Wednesday, October 27, 2010

The Human Connectome, A Map of Brain Connectivity

A connectome is a comprehensive map of neural connections in the brain. The production and study of connectomes, known as connectomics, may range in scale from a detailed map of the full set of neurons and synapses within part or all of the nervous system of an organism to a macro scale description of the functional and structural connectivity between all cortical areas and subcortical structures. The term "connectome" is used primarily in scientific efforts to capture, map, and understand the organization of neural interactions within the brain. One such effort is the Human Connectome Project, sponsored by the National Institutes of Health, whose focus is to build a network map of the human brain in healthy, living adults. Another was the successful reconstruction of all neural and synaptic connections in C. elegans (White et al., 1986).

via wiki

Researchers at EPFL Signal Processing Laboratory 5 (http://lts5www.epfl.ch/) in collaboration with the University of Lausanne and partners in the US have studied how the brain makes connections between its different parts.
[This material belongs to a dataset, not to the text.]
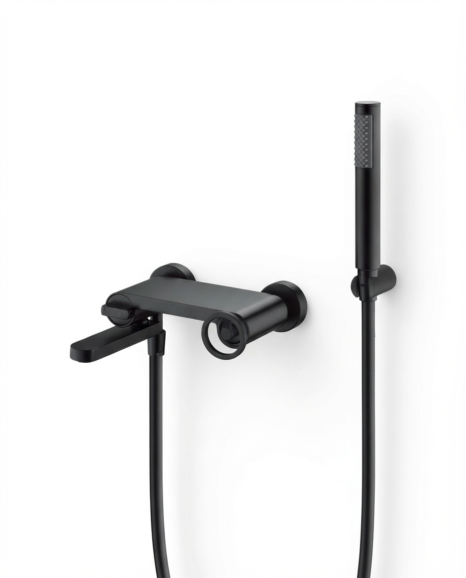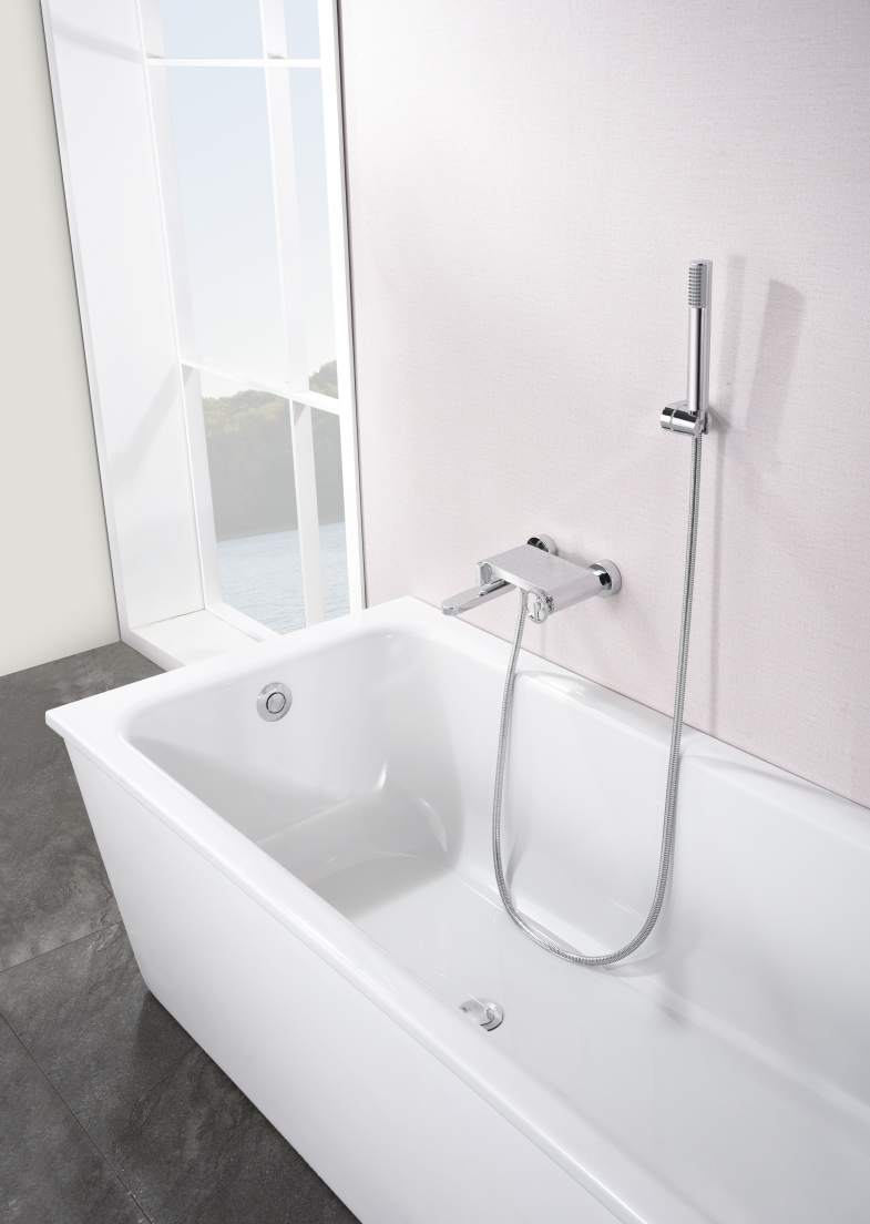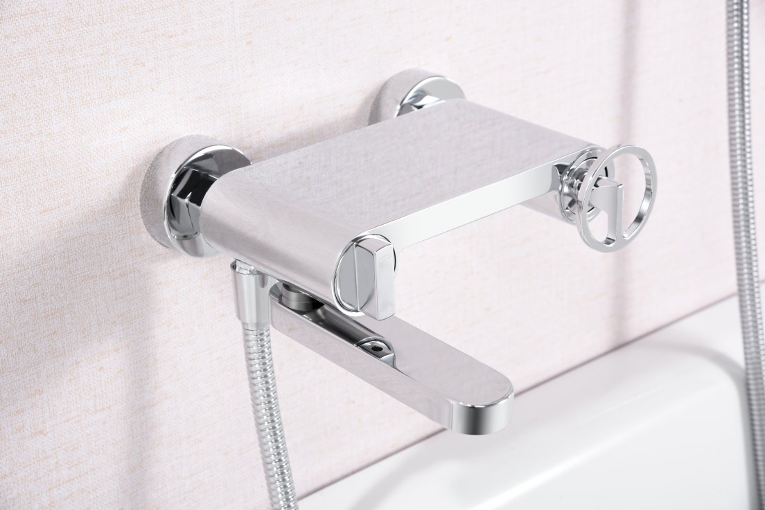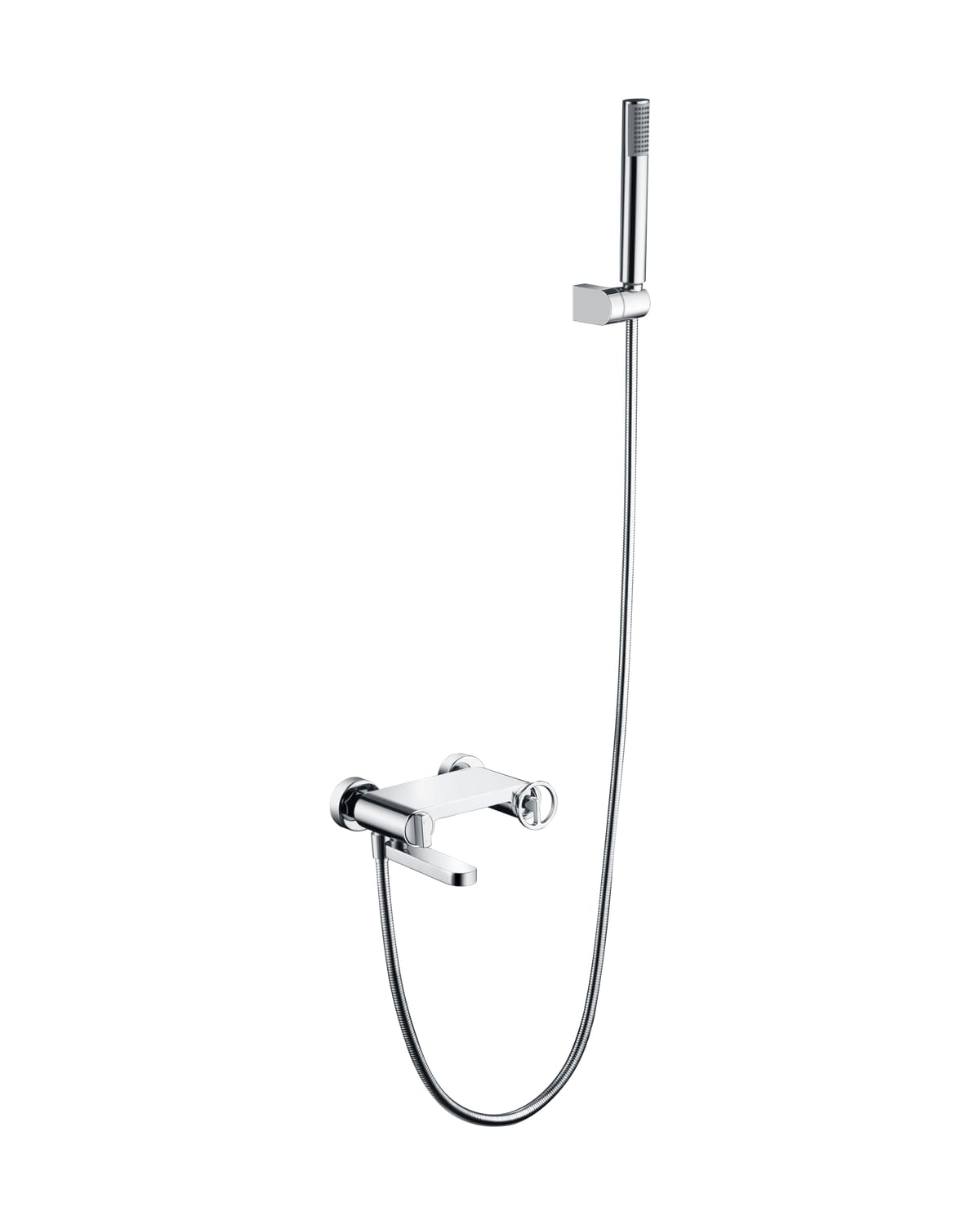 Kit baño/ducha serie OLIMPO, cuerpo de grifería de latón, flexo PVC 180cm, soporte fijo para mango de ducha, mango ducha redondo, cartucho cerámico Ø35mm. Acabado cromo.

New technologies that allow scientists to trace the fine wiring of the brain more accurately than ever before could soon generate a complete wiring diagram--including every tiny fiber and miniscule connection--of a piece of brain. Dubbed connectomics, these maps could uncover how neural networks perform their precise functions in the brain, and they could shed light on disorders thought to originate from faulty wiring, such as autism and schizophrenia. ... Only one organism's wiring diagram currently exists: that of the microscopic worm C. elegans. Despite containing a mere 302 neurons, the C. elegans mapping effort took more than a decade to complete, in the 1970s. It has been an invaluable research resource and earned its creators a Nobel Prize.

via TechReview (2007)

"In the cerebral cortex, it's believed that one neuron is connected to 10,000 others," said Sebastian Seung, a computational neuroscientist at MIT. Now Seung is heading a collaborative effort to speed up the mapping of the wiring diagrams, known as connectomes. He and other researchers want to train computers to imitate human tracing, so that computers can eventually create their own neuron-tracing algorithms and tackle any image of neuronal wiring,  no matter how tangled or complex.

via LiveScience (2010)

An unprecedented five-year, $30-million effort to generate a first-of-its kind map of all the major circuits in the human brain is being led by Washington University School of Medicine in St. Louis and the University of Minnesota's Center for Magnetic Resonance Research (CMRR).Thirty-three researchers at nine institutions will contribute to the Human Connectome Project (http://www.humanconnectome.org/consortia). Using powerful, custom-built brain scanners, a supercomputer, new brain analysis techniques and other state-of-the-art resources, they will trace the anatomical 'wires' that interconnect thousands of different regions of the human brain's gray matter. ... The project is funded by 16 components of the National Institutes of Health via its Blueprint for Neuroscience Research (http://www.neuroscienceblueprint.nih.gov/).

via MedicalDaily (Sept 2010)

Once you know exactly how you are wired, could you upload your mind into a super computer?